**WHAT THE TASK REQUIRES**
Everything from the line with "With President Carter" down to the line with "A resort beach" below must be printed exactly, those two lines included. Exclude pictures.
········
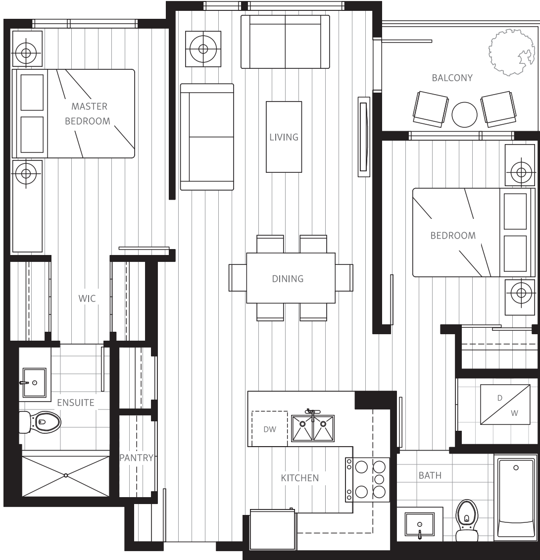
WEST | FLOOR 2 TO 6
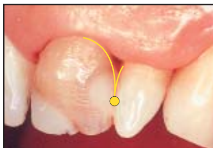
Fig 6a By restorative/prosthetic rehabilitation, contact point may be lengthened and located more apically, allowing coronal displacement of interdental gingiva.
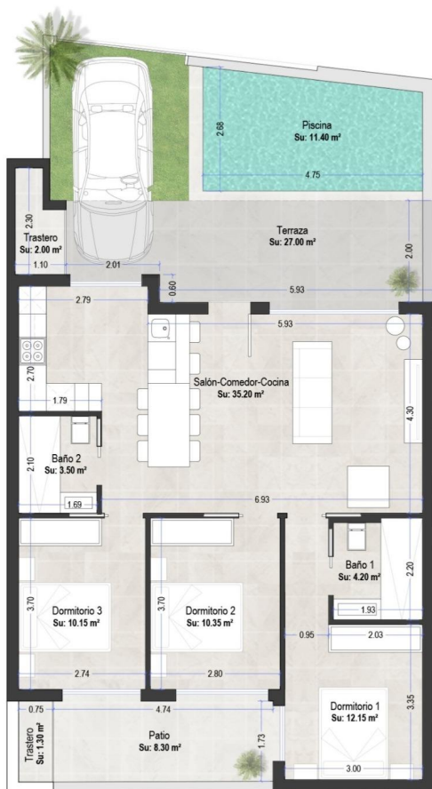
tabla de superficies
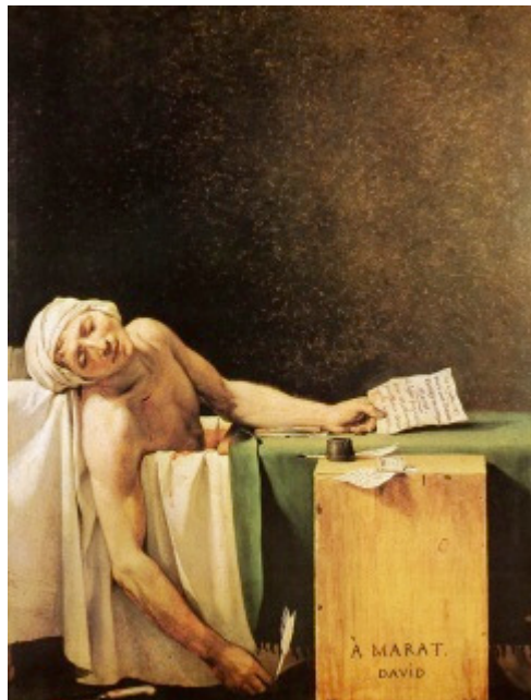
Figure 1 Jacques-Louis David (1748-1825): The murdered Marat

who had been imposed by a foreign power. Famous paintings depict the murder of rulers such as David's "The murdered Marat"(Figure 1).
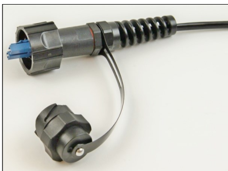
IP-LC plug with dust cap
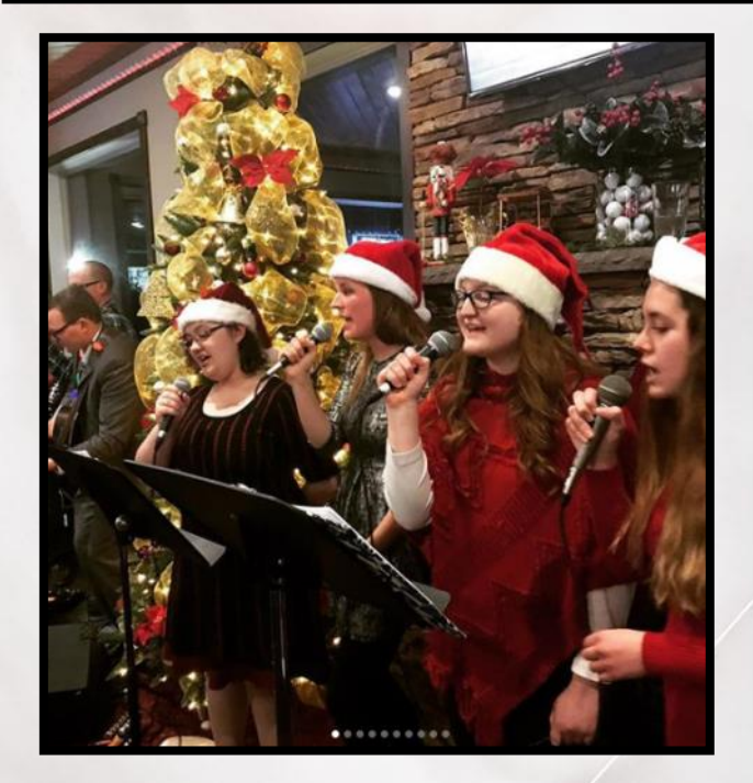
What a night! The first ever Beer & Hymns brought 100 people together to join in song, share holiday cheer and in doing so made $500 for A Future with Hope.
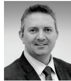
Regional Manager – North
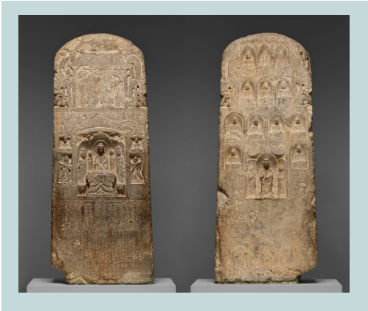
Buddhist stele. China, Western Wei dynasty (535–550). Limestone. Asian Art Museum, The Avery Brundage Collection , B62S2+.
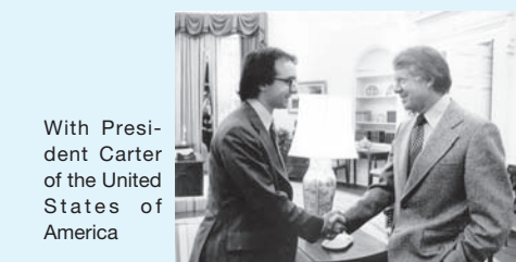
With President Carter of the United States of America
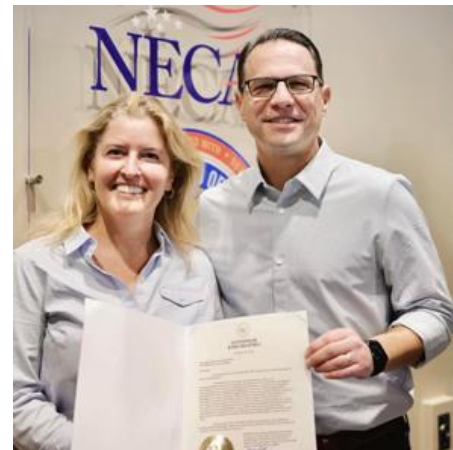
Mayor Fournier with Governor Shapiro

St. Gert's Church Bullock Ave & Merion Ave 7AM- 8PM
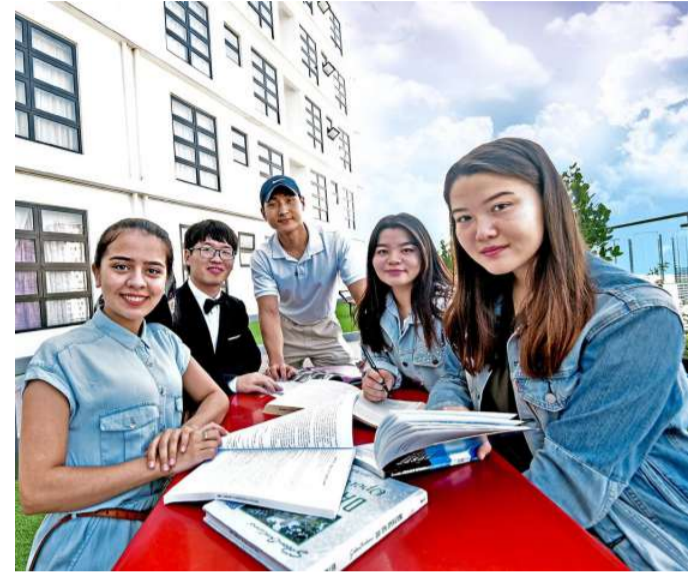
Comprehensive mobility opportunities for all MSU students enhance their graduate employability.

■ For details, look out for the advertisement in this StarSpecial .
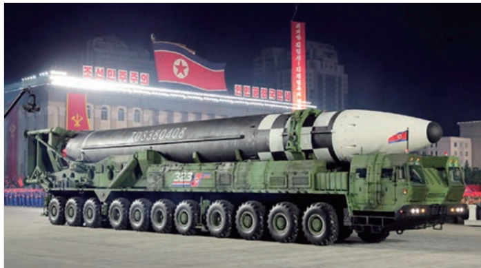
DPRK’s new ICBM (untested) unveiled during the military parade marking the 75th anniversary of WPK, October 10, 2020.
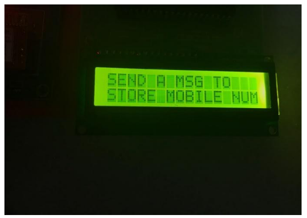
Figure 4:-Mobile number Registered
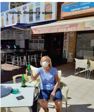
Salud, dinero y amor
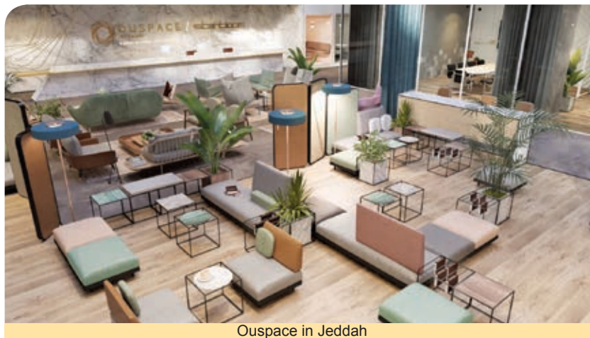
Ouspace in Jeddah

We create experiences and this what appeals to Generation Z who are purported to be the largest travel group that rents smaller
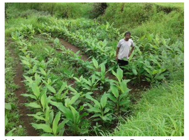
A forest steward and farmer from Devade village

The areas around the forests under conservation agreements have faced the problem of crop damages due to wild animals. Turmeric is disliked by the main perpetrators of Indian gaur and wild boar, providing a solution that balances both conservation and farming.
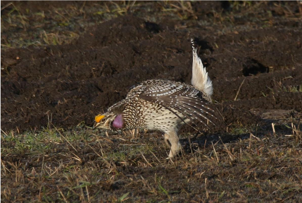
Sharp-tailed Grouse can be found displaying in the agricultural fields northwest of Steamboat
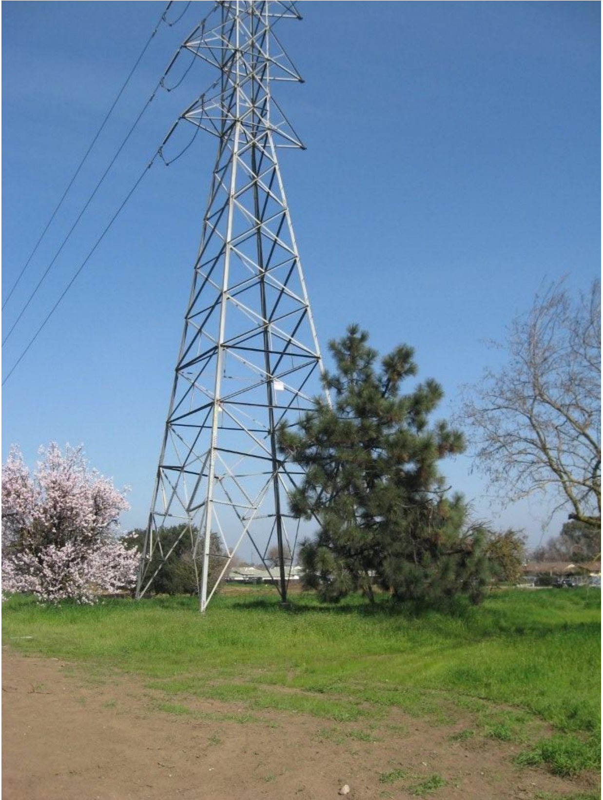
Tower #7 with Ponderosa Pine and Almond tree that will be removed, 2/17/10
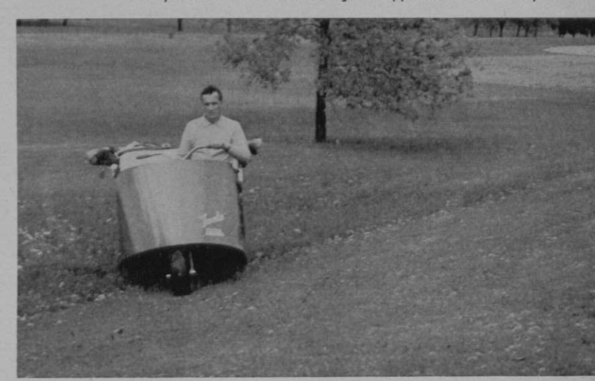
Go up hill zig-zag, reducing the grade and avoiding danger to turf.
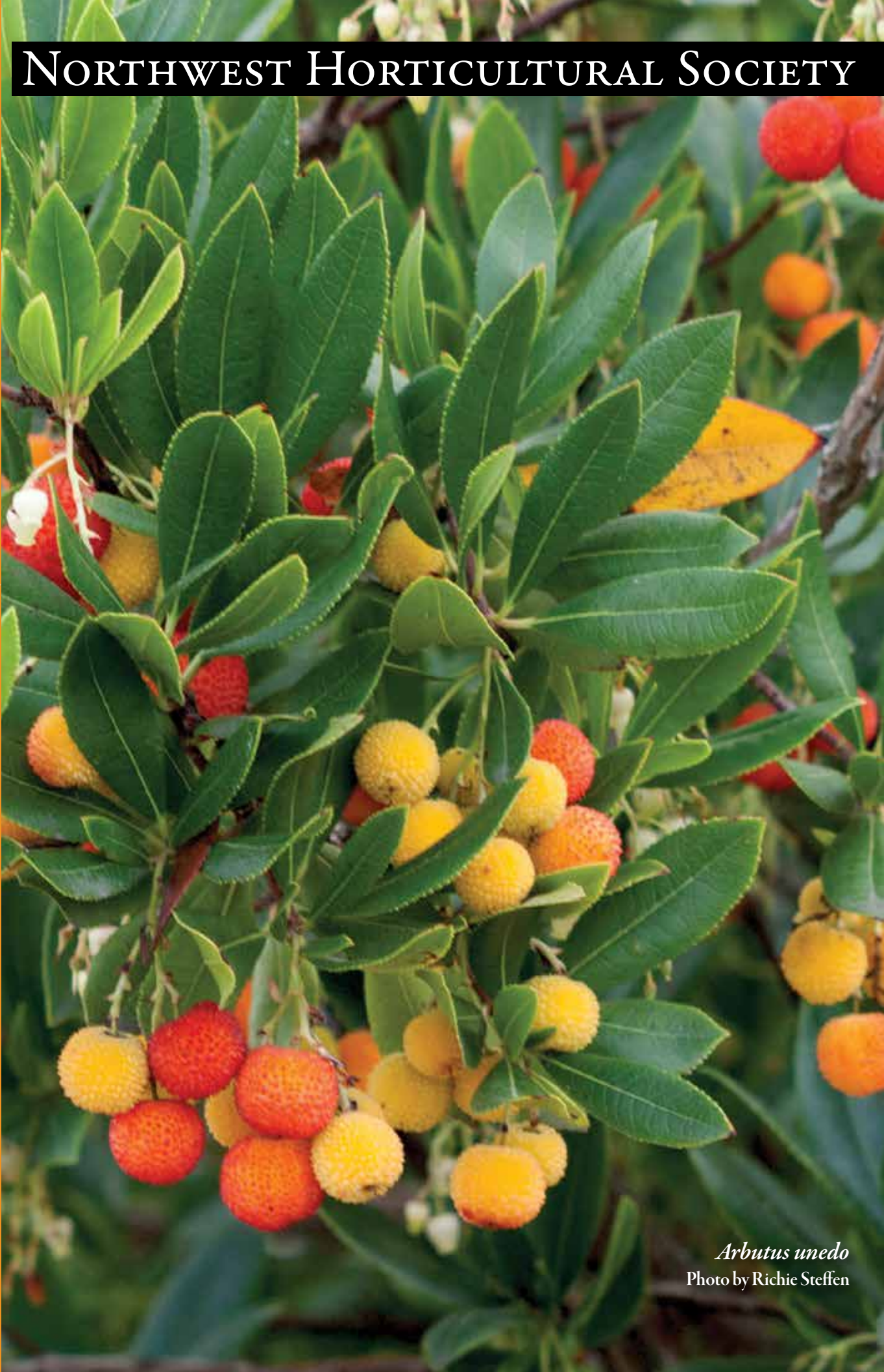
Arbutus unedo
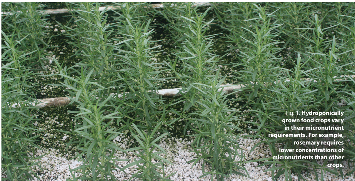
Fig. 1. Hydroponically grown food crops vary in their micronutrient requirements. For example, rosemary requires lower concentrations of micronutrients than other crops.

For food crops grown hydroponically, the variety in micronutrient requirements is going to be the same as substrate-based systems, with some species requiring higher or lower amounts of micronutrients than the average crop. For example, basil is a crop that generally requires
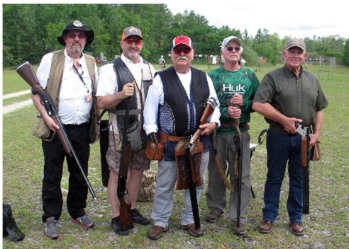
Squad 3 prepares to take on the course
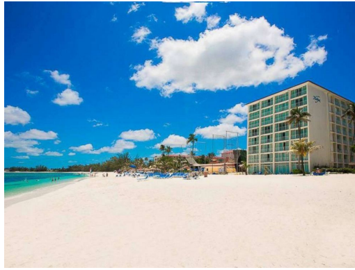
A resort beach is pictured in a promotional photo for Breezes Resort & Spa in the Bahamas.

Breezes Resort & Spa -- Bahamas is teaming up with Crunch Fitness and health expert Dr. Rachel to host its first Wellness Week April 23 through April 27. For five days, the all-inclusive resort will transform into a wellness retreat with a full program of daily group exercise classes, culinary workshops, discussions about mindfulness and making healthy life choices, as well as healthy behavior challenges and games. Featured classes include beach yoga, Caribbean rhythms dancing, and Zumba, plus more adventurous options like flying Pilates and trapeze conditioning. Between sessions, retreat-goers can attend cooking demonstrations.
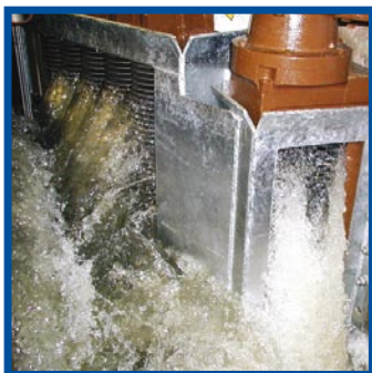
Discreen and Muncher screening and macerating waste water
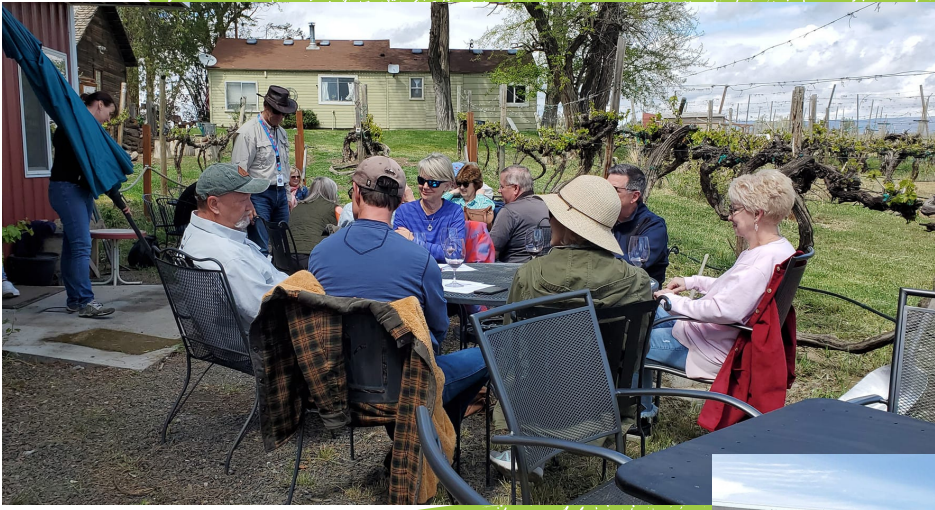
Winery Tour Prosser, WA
········
**ANSWER FOR THIS EXERCISE**
With President Carter of the United States of America
Mayor Fournier with Governor Shapiro

St. Gert's Church Bullock Ave & Merion Ave 7AM- 8PM
Comprehensive mobility opportunities for all MSU students enhance their graduate employability.

■ For details, look out for the advertisement in this StarSpecial .
DPRK’s new ICBM (untested) unveiled during the military parade marking the 75th anniversary of WPK, October 10, 2020.
Figure 4:-Mobile number Registered
Salud, dinero y amor
Ouspace in Jeddah

We create experiences and this what appeals to Generation Z who are purported to be the largest travel group that rents smaller
A forest steward and farmer from Devade village

The areas around the forests under conservation agreements have faced the problem of crop damages due to wild animals. Turmeric is disliked by the main perpetrators of Indian gaur and wild boar, providing a solution that balances both conservation and farming.
Sharp-tailed Grouse can be found displaying in the agricultural fields northwest of Steamboat
Tower #7 with Ponderosa Pine and Almond tree that will be removed, 2/17/10
Go up hill zig-zag, reducing the grade and avoiding danger to turf.
Arbutus unedo
Fig. 1. Hydroponically grown food crops vary in their micronutrient requirements. For example, rosemary requires lower concentrations of micronutrients than other crops.

For food crops grown hydroponically, the variety in micronutrient requirements is going to be the same as substrate-based systems, with some species requiring higher or lower amounts of micronutrients than the average crop. For example, basil is a crop that generally requires
Squad 3 prepares to take on the course
A resort beach is pictured in a promotional photo for Breezes Resort & Spa in the Bahamas.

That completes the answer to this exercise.